Lost in Marrakesch

Alice_Marie_Rhoda

von Alice_Marie_Rhoda

Story

Ich wache aus einem traumlosen Schlaf auf. Im Zimmer riecht es fremd, anders als zu Hause. Durch die Fensterläden dringt gedämpftes Licht in den Raum. Meine Gedanken werden klarer und erinnern mich daran, wo ich bin. Gestern Abend sind wir mit dem Flugzeug in Marrakesch angekommen und haben dieses kleine Riad, mitten in der Medina, als Unterkunft bezogen.

Das Fenster des Zimmers zeigt in den Innenhof des Hauses, wo ein paar Tischgruppen, ein Schwimmbassin und viele grüne, hohe Topfpflanzen sind, die diesen süßlichen Geruch verströmen, den ich rieche.

Nachdem wir ausgiebig auf der geschmackvoll ausgebauten Dachterrasse gefrühstückt haben, beschließen wir, den „Secret Garden“ zu suchen, der in einem der Reiseführer als etwas Besonderes beschrieben wird, und der in unserem Stadtteil zu finden sein soll. Unbeschwert lassen wir uns durch die Gassen treiben, einem Duft, einer Musik, dem Gefühl folgend, und stehen am Ende vor einer hohen Mauer mit einem kleinen Eingang, hinter dem sich die Gartenanlage versteckt. Im Garten ist es angenehm kühl. Der Lärm der Gasse ist ausgesperrt. Gepflasterte Wege schlängeln sich durch die mit Blumen und Gräsern bepflanzten Beete, bis zu dem Haus am Ende der Anlage, das wie ein französischer Pavillon gebaut ist, mit hohen offenen Glastüren, in denen lange, weiße Vorhänge wehen. Wasser speiende Brunnen kühlen die Luft. Ich fühle mich in eine vergangene Epoche versetzt.

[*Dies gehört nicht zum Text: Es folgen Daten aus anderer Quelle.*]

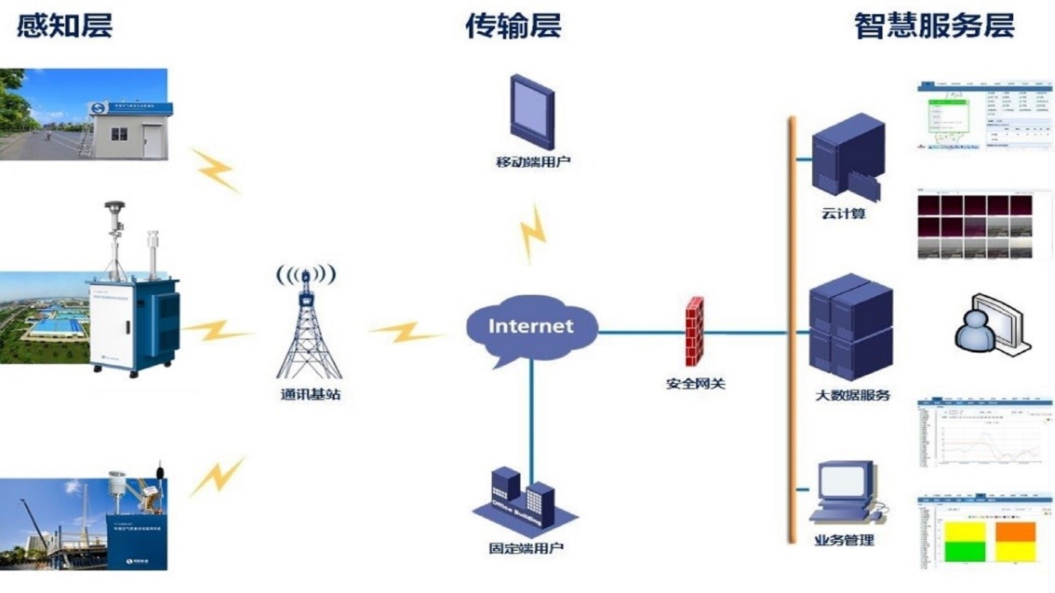 以自动化监测仪器为数据监测、存储、上传的载体,通过在环保主管部门建设数据中心、部署软件应用系统,利用已建或新建网络,各职责部门可通过手机、电脑终端等方式应用监测数据,从而实现对环境空气质量的采集、分析、应用和决策。

Nachdem wir uns an allem sattgesehen haben, ist es an der Zeit zurückzugehen. Eine Stunde später müssen wir uns, müde und erschöpft, eingestehen, dass wir uns verlaufen haben. Gassen, die am Stadtplan eingezeichnet sind, enden unmittelbar vor hohen Hausmauern. Lange haben wir keine Straßennamen und Schilder mehr an den Hausecken gesehen. Ich erkenne zwischen diesen Mauern die Himmelsrichtungen nicht.

Da sind zwei junge Einheimische, die uns schon eine Weile abschätzend beobachten. Wir sprechen sie letztendlich an. Mit ein paar Wörtern aus Englisch und Französisch, Händen und Füßen, bitten wir sie, uns den Weg aus diesem Labyrinth zu zeigen. Darauf haben sie gewartet. Der Ältere meint, dass er uns für 20 Euro zurück zur Hauptstraße bringt. Er führt uns kreuz und quer durch die Medina und ich befürchte schon, dass wir nie zurückfinden werden, als sich am Ende der Gasse ein bekannter Platz, nahe der Unterkunft, auftut. Erleichtert atmen wir auf. Ab hier finden wir allein weiter. Unser Helfer verlangt jetzt mehr Geld als ausgemacht, aber wir gehen nicht darauf ein. Den Streit, den er anfängt, beendet ein dazukommender Marokkaner, der ihn zu kennen scheint. Endlich zurück in unserem Riad beschließen wir, für weitere Besichtigungen ein Taxi zu nehmen.